In the venture world (and beyond), questions have been raised about the accuracy of the Treasury Department’s data. Though they were both listed as loan recipients, heavyweight VC firms Index Ventures and Andreessen Horowitz said they did not apply for, or receive loans. Andreessen Horowitz, which was listed as having received a loan between $350,000 and $1 million to save 24 jobs, declined to comment. But Index Ventures told Protocol that the entry contained a wrong business address and incorrect information about their fund. “Our legal team is looking into why our name is listed and look to correct it ASAP,” the company said. (Both VC firms have tech companies in their portfolio that received loans.)
MetaProp, a proptech venture firm on the list, did not confirm or deny accepting a PPP loan, but declined to comment altogether. SBA data show the New York City proptech investor got a loan between $150,000 and $350,000.
Despite getting PPP loans, some startups still laid off dozens of staffers.
Real estate investing platform PeerStreet laid off 50 people in March, according to layoff tracker Layoffs.fyi. It later got a loan between $2 million to $5 million to retain 150 jobs, SBA data show. The company declined to comment.
Blueground, a luxury rental startup with more than $70 million in VC funding, laid off 130 people in late March. A month later, it was approved for a loan between $2 million and $5 million to retain 131 jobs after the pandemic “substantially impacted” the business, the company said..
And Frontdesk, a short-term rental startup, had to lay off 35 employees, or 16 percent of its staff before getting a PPP loan. “It would’ve been much worse for us had we not received a PPP loan to help us to sustain through this pandemic,” co-founder Jesse DePinto said.
Reddy said some smaller companies worried that if they took a PPP loan, they may not be able to pay it back.
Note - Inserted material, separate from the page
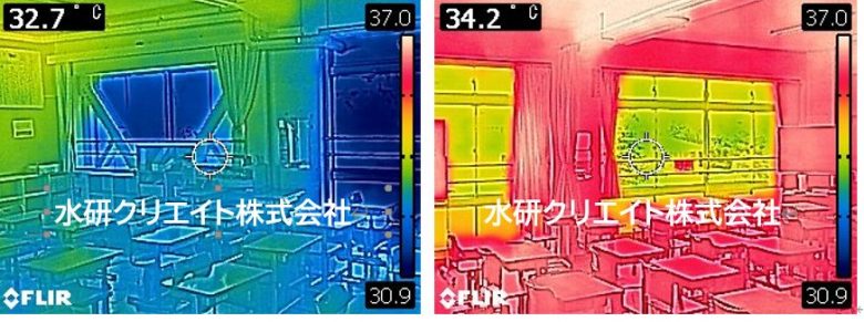 「緑のカーテンのある教室」と「ない教室」で同日ほぼ同時刻に撮影します。

Others, however, recognized that their ability to develop a new product or tool requires staff. “It’s not like the services companies where you can just cut back,” Reddy said. “You still need the people to finish the product, so you get kind of stuck.”
A handful of startups that got PPP loans also sewed up venture funding during the pandemic, including Sundae, a residential real estate marketplace, which announced a $16.55 million Series A on June 1. Sundae landed a loan between $350,000 and $1 million, according to the SBA. EasyKnock, which buys homes and allows sellers to stay as tenants, announced a $20 million funding round in mid-June. The company got a loan between $350,000 and $1 million to retain 10 jobs, according to SBA data.